> _What is expected_
The reply must contain exactly the lines below from the one with "Achtertuin (ca. 10.60" down to the one with "MAI系列 無鐵芯直線電機", both included, and nothing more; please omit the pictures.

> _Input data_

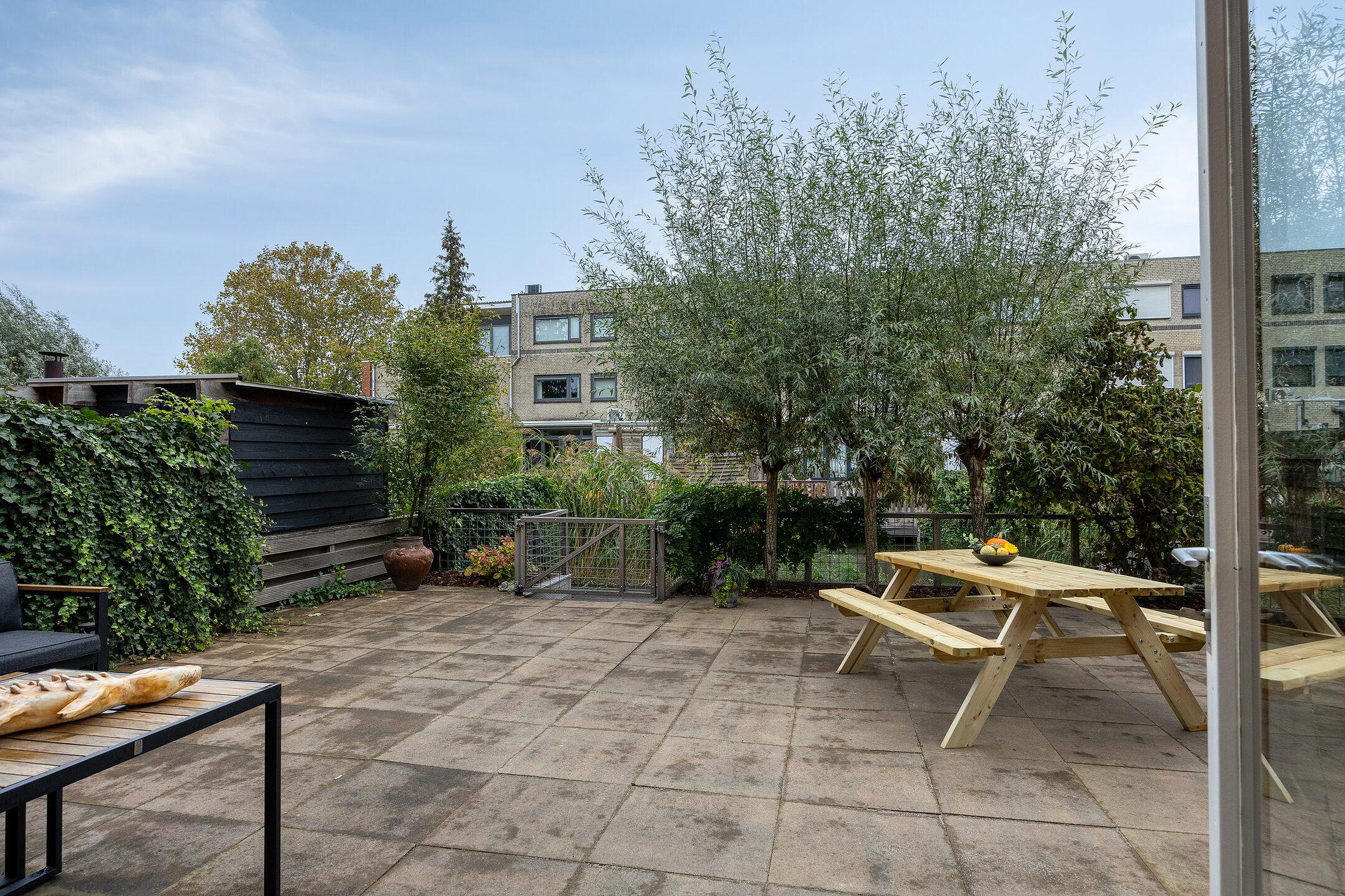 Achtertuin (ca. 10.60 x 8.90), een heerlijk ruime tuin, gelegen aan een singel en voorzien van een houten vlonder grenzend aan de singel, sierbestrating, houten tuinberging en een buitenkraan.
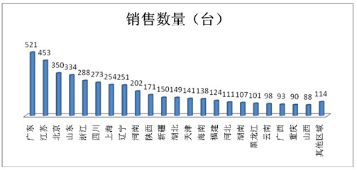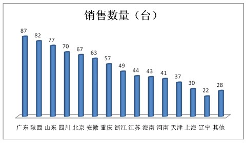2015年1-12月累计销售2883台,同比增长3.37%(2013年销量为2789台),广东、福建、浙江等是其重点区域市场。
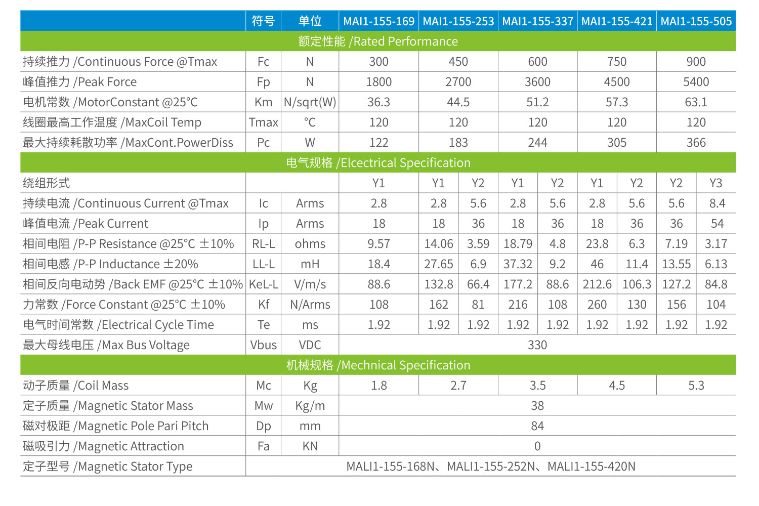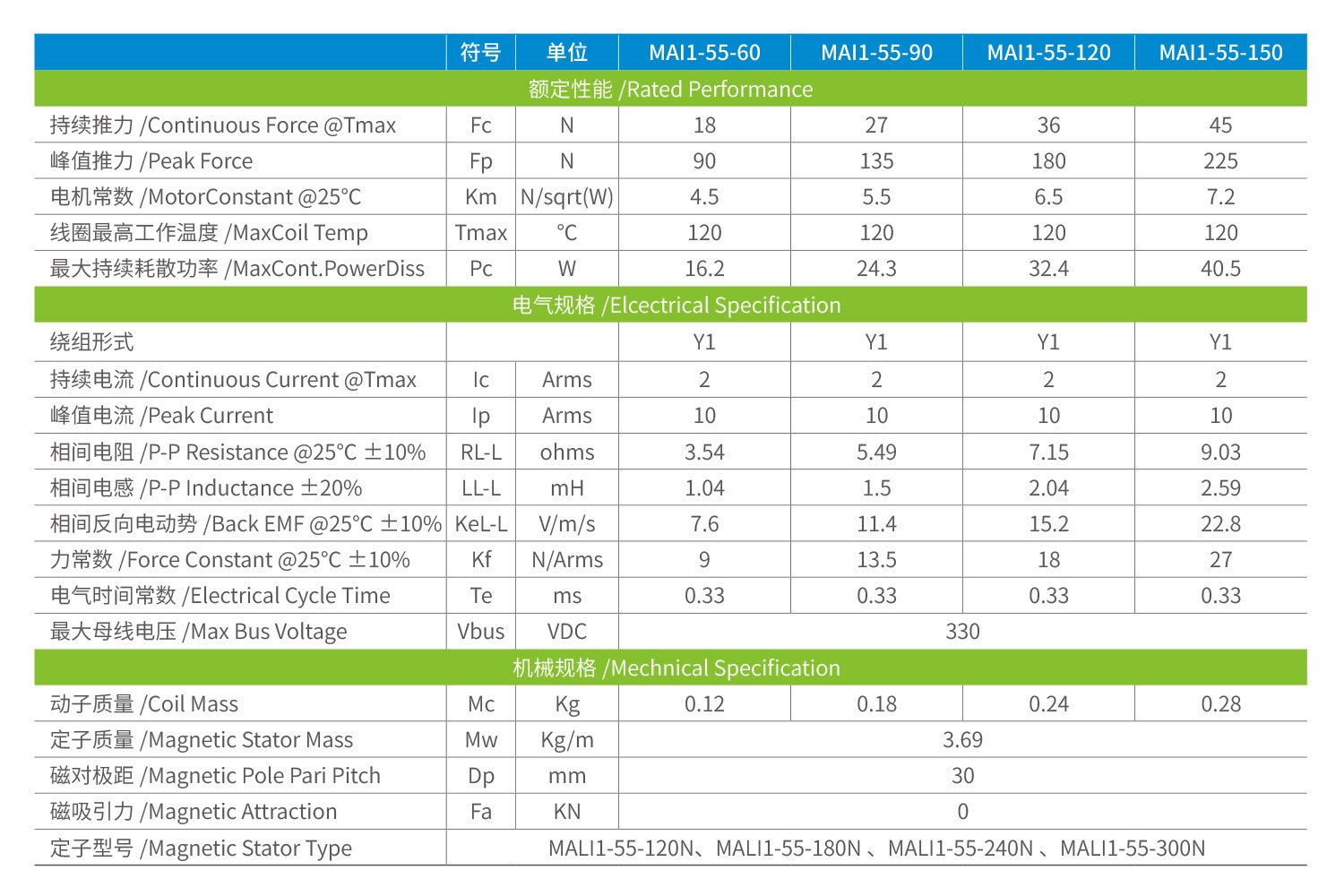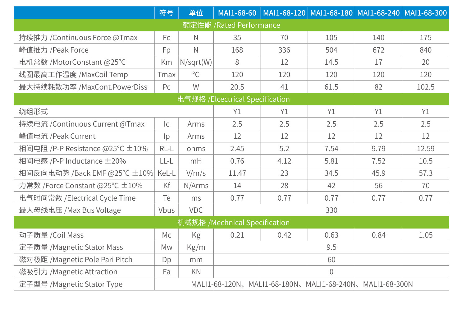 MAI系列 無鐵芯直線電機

...

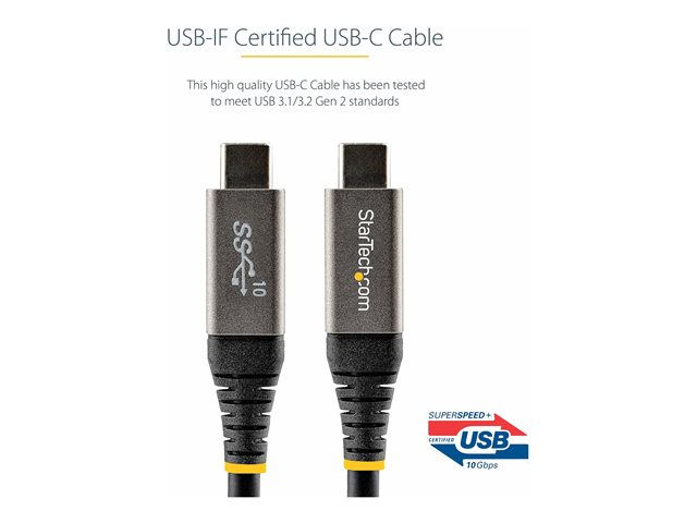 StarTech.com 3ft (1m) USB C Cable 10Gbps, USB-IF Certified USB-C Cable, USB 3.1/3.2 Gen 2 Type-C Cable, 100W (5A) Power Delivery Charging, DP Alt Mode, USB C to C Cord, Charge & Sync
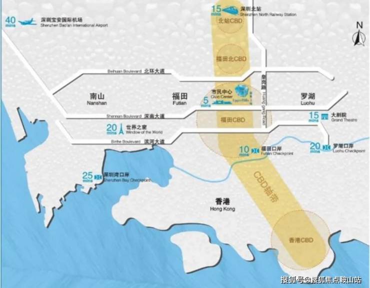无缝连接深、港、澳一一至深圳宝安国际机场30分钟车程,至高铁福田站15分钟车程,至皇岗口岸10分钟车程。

> _Solved problem_
 Achtertuin (ca. 10.60 x 8.90), een heerlijk ruime tuin, gelegen aan een singel en voorzien van een houten vlonder grenzend aan de singel, sierbestrating, houten tuinberging en een buitenkraan.
2015年1-12月累计销售2883台,同比增长3.37%(2013年销量为2789台),广东、福建、浙江等是其重点区域市场。
 MAI系列 無鐵芯直線電機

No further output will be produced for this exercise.